Later in the 2015 calendar year, Villas-Boas said that he would be leaving the club after the 2015–16 season. In the 2015–16 Champions League, Zenit began the competition in the group stage. They were drawn in Group H alongside Valencia, Lyon and Gent. They ended the group stage with their best group stage finish ever, winning five out of six matches and emerging as group winners.  They were, however, eliminated from the competition in the Round of 16 by Portuguese side Benfica.

On 24 May 2016 Villas-Boas left the club at the end of the season, with Mircea Lucescu appointed the new manager of Zenit.

Under Lucescu and Mancini
In July 2016 Zenit won the Russian Super Cup after a 0–1 victory over CSKA Moscow.

During the 2016–17 Europa League, Zenit began the group stage drawn into Group D alongside Maccabi Tel Aviv, AZ Alkmaar and Dundalk. On 8 December 2016, the team finished the group stage in first place and qualified for the spring knockout phase of Europa League. In the round of 32, Zenit faced R.S.C. Anderlecht and was eliminated 3–3 on aggregate due to the away goals rule. In the league, Zenit's performances in the spring were disappointing and as such the club finished third and missed out on the Champions League for the second year in a row. Zenit was also eliminated in the round of 16 by FC Anzhi Makhachkala 0–4 on aggregate after an abysmal performance. The first (and last) season of Mircea Lucescu was a complete disappointment despite the expectations.

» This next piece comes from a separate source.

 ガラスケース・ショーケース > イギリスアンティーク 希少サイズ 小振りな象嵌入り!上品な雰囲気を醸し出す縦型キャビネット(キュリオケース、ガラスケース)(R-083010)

On 1 June 2017 Zenit appointed Roberto Mancini as the new manager of the team. On 13 May 2018, Mancini terminated his contract by mutual consent.

Under Semak

In May 2018, Mancini left to become the head coach of the Italy national football team. Sergey Semak became the new manager of Zenit, receiving a two-year contract.

In August 2018, during the 1st leg of the 3rd qualification round of the UEFA Europa League, Zenit suffered a 0–4 loss to Dynamo Minsk. During the 2nd leg back on home ground, Zenit made a comeback winning 8–1, scoring 3 goals in the second half and 4 goals in the second half of the extra time, with 2 goals scored in the 120th minute. Zenit went on to beat Molde FK 4–3 on aggregate in the next round, entering the group stage of 2018-19 UEFA Europa League.

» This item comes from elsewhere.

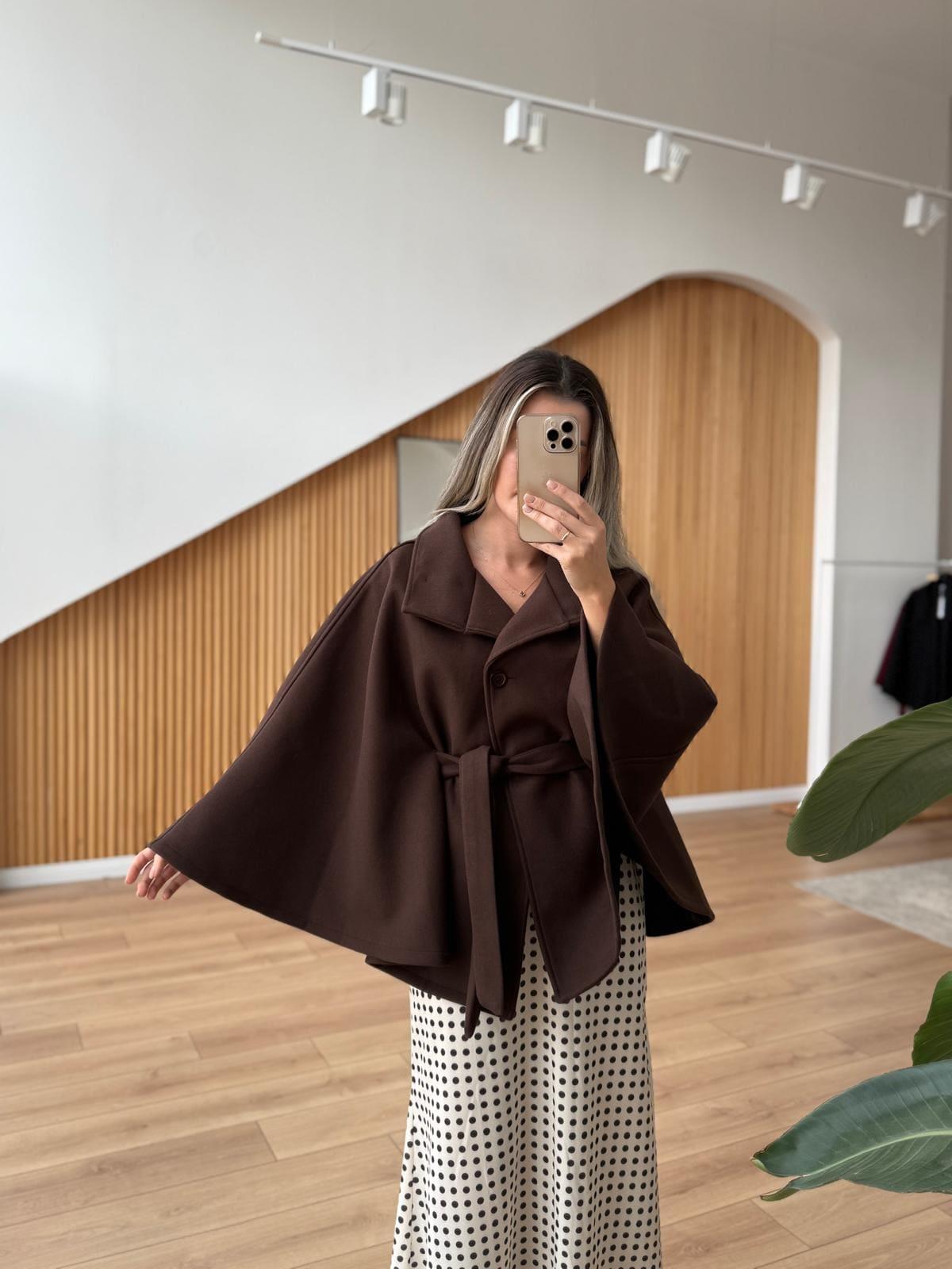 Kuşaklı Kahverengi Kaşe Panço

In March 2020, the league was forced to halt due to the COVID-19 pandemic in Russia. Zenit secured another title on 5 July 2020 after a victory over FC Krasnodar, with 4 games left to play in the tournament.

On 2 May 2021, Zenit secured their third title in a row in a 6–1 victory over second-place FC Lokomotiv Moscow. Zenit opened the 2021–22 season with a seventh win in the Russian Super Cup after a 3–0 win over Lokomotiv Moscow, but without major key players who left the club like Yuri Zhirkov, Andrei Lunev, and Sebastián Driussi.

After the 2022 Russian invasion of Ukraine, former Ukrainian international Yaroslav Rakitskiy made a pro-Ukrainian post on Instagram and severed his contract with the team. FIFA and the UEFA indefinitely suspended the team from their competitions. In addition, the European Club Association suspended the team.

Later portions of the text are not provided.